12/4/2004
Dr. Morton Walker Article Published in "Townsend Letter for Doctors"
Published with permission on NeedakRebounder.com
Jumping for Health
by Morton Walker, D.P.M.
In the spring of 1981, 28-year old Samuel J. Kofsky of Manchester, New Hampshire, a Ph.D. candidate attending the School of Economics at Dartmouth University, lay in a Hanover, New Hampshire hospital room, recovering from the surgical excision of an apparent cyst. Soon after the operation, his surgeon and an oncologist entered the room and walked hesitantly to the foot of the patient's bed. The surgeon said, "Sam, I don't want to shock you, but our hospital pathology department reports that your biopsy shows you have a connective tissue cancer. It's a rare form of fibrosarcoma, which develops suddenly from small bumps on the skin like what I thought was your cyst. Sam, I'm sorry to tell you that there's an 80% chance it will take your life within four years."

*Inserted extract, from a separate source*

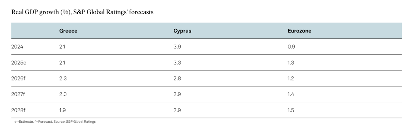 Στο καθαρά μακροοικονομικό σκέλος, η εικόνα είναι θετική. Η S&P προβλέπει ότι τόσο η Ελλάδα όσο και η Κύπρος θα συνεχίσουν να υπεραποδίδουν σε όρους ρυθμών μεγέθυνσης έναντι της ευρωζώνης τα επόμενα χρόνια. Για την Ελλάδα, η ανάπτυξη εκτιμάται στο 2,3% το 2026 και στο 2,0% το 2027, ενώ για την Κύπρο στο 2,8% και 2,9% αντίστοιχα, όταν η ευρωζώνη αναμένεται να κινηθεί κοντά στο 1,2%-1,4%. Η υπεραπόδοση αυτή, ιδίως για την Ελλάδα, αποδίδεται σε μεγάλο βαθμό στην αξιοποίηση των πόρων του Ταμείου Ανάκαμψης, οι οποίοι λειτουργούν ως αντιστάθμισμα στη σταδιακή απόσυρση των ευρωπαϊκών επιχορηγήσεων μετά το 2026.

The oncologist had come along to confirm the young man's diagnosis and prognosis. Then he suggested further treatment.
Soon Sam Kofsky found himself faced with daily radiation therapy and then intravenous chemotherapy which the late Senator Hubert H. Humphrey had once referred to during a TV interview as "bottled death!" For graduate student it was devastating treatment routine. He felt that his body being assaulted, burned, and poisoned.
To sustain himself through chemotherapy, and to believe that he was doing something positive to help himself, Mr. Kofsky took up exercise of the aerobic type. Aerobics is the steady state of exercising which, when performed over a period of months or years, develops the cardiopulmonary system's ability to take in and utilize more oxygen. This elevated amount of "oxygen uptake" increases cellular metabolism of oxygen molecules as nutrients. Besides competitive team sports such as football, basketball, racquetball and tennis, aerobic exercises include speed walking, running, sustained jogging, swimming, rowing, bicycle riding, calisthenics performed in a specific time frame, and rope jumping.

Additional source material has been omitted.